The specific heat of water is given as 4186 J/kg·K, and the change in temperature is from 18°C to 50°C.
The equation to calculate the energy is:
energy = mass x specific heat x temperature change
temperature change = final temperature - initial temperature
= 50°C - 18°C = 32°C
Now, calculate the energy required:
energy = 450 kg x 4186 J/kg·K x 32 K
energy = 596,256,000 J
Step 3: Calculate the incident solar energy.
The intensity of incident sunlight is given as 520 W/m2, and the time is given as 2.8 h.
The equation to calculate the incident solar energy is:
incident solar energy = intensity x area x time
Now, calculate the incident solar energy:
incident solar energy = 520 W/m2 x area x 2.8 h
incident solar energy = 1456 W·h/m2 x area
Step 4: Calculate the usable energy from the incident solar energy.
The overall system efficiency is given as 28%, which means 72% (100% - 28%) of the incident solar energy is lost.
The equation to calculate the usable energy is:
usable energy = incident solar energy x efficiency
Now, calculate the usable energy:
usable energy = 1456 W·h/m2 x area x 0.28
usable energy = 407.68 W·h/m2 x area
Step 5: Equate the usable energy to the energy required.

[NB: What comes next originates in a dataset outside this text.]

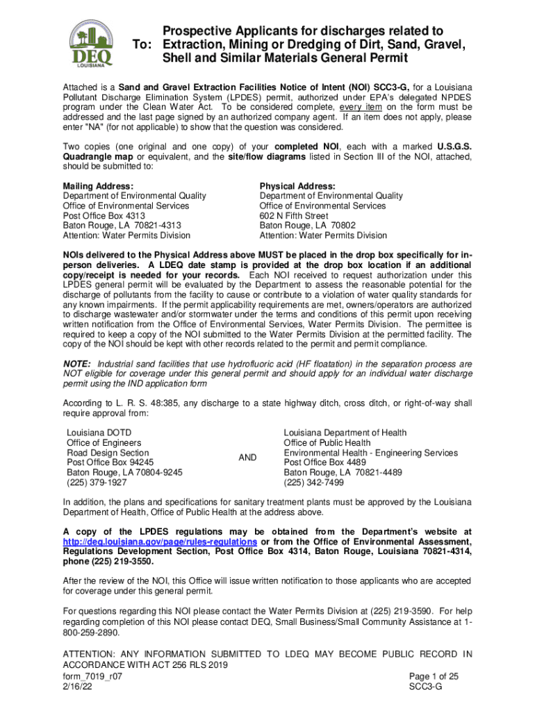 This document serves as a Notice of Intent (NOI) for prospective applicants seeking authorization to discharge wastewater and stormwater in Louisiana related to extraction, mining, or dredging of dirt, sand, gravel, shell, and similar materials. It outlines the application process, requirements for submission, and contact information for relevant departments. The NOI must be submitted to the Louisiana Department of Environmental Quality, along with necessary maps and diagrams. The document...

Since the usable energy is the energy provided by the solar collector and the energy required is the energy needed to raise the water temperature, we can equate these two values to find the required collector area.
407.68 W·h/m2 x area = 596,256,000 J
To convert watt-hours (W·h) to joules (J), multiply by 3600:
407.68 W·h/m2 x area = 596,256,000 J x 3600
Simplifying:
area = (596,256,000 J x 3600) / (407.68 W·h/m2)
area ≈ 5,273,920,000,000 / 407.68
area ≈ 12,941,123.06 m2
Therefore, the collector area necessary to raise the temperature of 450 L of water in the tank from 18°C to 50°C in 2.8 h is approximately 12,941,123.06 square meters.